▶ _WHAT IS EXPECTED_
Work through the listing below and give again exactly the lines from the one with "victoria’s vogue Satin" to the one with "C'est le cas", both ends included. All other lines and all pictures stay out.

▶ _EXERCISE MATERIALS_
* * * *

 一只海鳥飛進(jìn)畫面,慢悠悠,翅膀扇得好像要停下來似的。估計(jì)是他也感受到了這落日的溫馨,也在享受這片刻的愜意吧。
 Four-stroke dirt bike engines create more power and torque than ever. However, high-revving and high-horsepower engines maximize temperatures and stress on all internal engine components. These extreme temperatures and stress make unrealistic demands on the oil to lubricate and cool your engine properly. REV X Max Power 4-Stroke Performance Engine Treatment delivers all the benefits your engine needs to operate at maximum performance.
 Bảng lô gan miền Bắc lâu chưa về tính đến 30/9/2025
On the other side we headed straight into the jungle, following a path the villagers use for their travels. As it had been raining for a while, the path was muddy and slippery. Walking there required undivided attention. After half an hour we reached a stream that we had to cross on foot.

* * * *

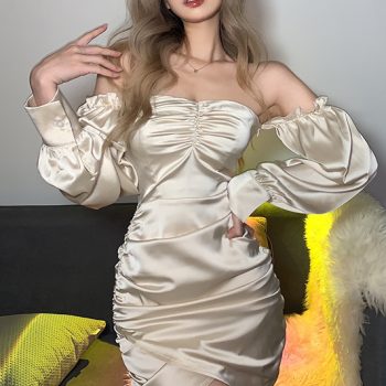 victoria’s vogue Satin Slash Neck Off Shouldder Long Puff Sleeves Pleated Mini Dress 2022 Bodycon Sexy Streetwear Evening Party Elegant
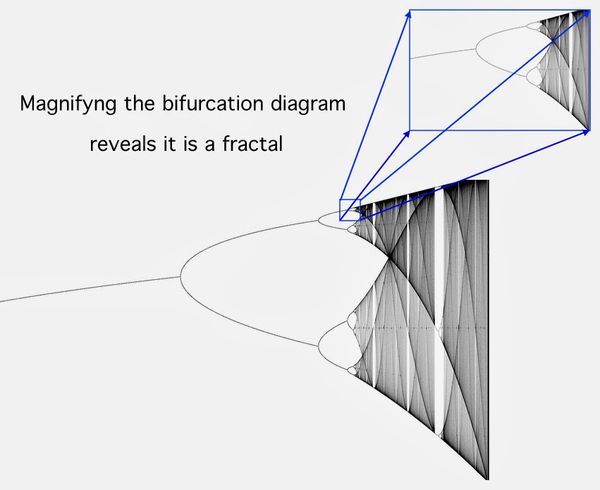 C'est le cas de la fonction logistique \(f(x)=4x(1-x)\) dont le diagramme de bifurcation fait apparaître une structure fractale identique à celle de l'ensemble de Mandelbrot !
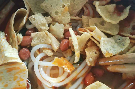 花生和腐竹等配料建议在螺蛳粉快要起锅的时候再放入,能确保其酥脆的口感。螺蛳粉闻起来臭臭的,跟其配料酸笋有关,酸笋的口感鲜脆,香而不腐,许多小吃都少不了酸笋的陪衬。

* * * *

▶ _RESPONSE_
 victoria’s vogue Satin Slash Neck Off Shouldder Long Puff Sleeves Pleated Mini Dress 2022 Bodycon Sexy Streetwear Evening Party Elegant
 C'est le cas de la fonction logistique \(f(x)=4x(1-x)\) dont le diagramme de bifurcation fait apparaître une structure fractale identique à celle de l'ensemble de Mandelbrot !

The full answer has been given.